Creature information
- Similar entities: Kalevipoeg
- Folklore: Estonian mythology

Origin
- Region: Saaremaa

= Toell the Great =

Mythological character

Suur Tõll (lit. 'Toell the Great') is a mythological giant hero who lived on the Estonian island of Saaremaa.

== Legend ==
Suur Tõll lived with his wife Piret in the coastal village of Tõlluste (Tölluste) by the Baltic Sea. He tossed huge rocks everywhere, mostly aiming for his archenemy Vanatühi (The Devil) or other enemies of the local Saaremaa islanders. Although Tõll was the king of Saaremaa, he lived as a common farmer. He often visited his brother Leiger on the neighboring Hiiumaa (Dagö) island. He was so tall that he could almost walk there (the Soela Strait has passageways only 2-3m deep, and is about 6km across). His walking stick was a 5 fathom spruce tree trunk.

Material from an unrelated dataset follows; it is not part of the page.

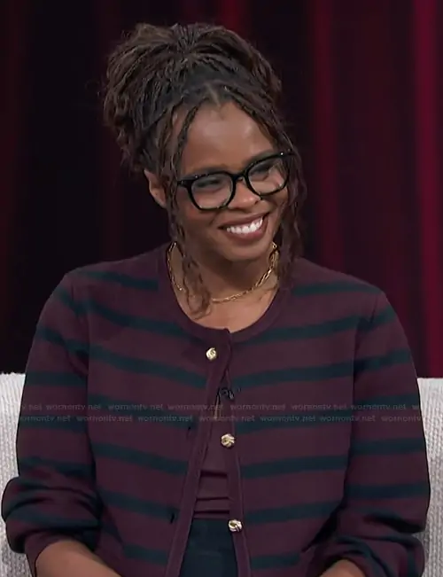 on Access Hollywood on NBC was spotted wearing this striped cardigan on Access Hollywood on Oct 02 2025's episode. 's Sweater is the Stripe Cardigan by Scotch & Soda.

Tõll was always kind and ready to help, but very hot-tempered. He loved to eat cabbage, drink beer, and go to the sauna (his wife was always busy gathering rocks for his sauna stove).

=== Death ===
When an enemy decapitated him, Suur Tõll put his head on his sword and walked to his grave, which is supposed to be somewhere in Tõlluste. When Suur Tõll died, he promised to rise from the grave and help people in case of war. However, naughty children made fun of him by yelling "Tõll, Tõll, wake up, there is a war in the yard". Suur Tõll rose, grew angry and went back to his grave, swearing never to come back.

== Theories ==
It is supposed that stories about Suur Tõll are based on a historical person, possibly an ancient ruler of Saaremaa, who was also very tall. Suur Tõll is sometimes also connected with the local German (or Germanised) noble family Toll. Some members of that family are said to have been very tall (more than 2.10 meters). Tõll and Toll are also surnames still in use in Saaremaa.

== Modern day ==
In the village of Ninase, there are two old windmills reshaped into the figures of Tõll and Piret. Newlyweds of Saaremaa go there to pay tribute to the mythical heroes of their island.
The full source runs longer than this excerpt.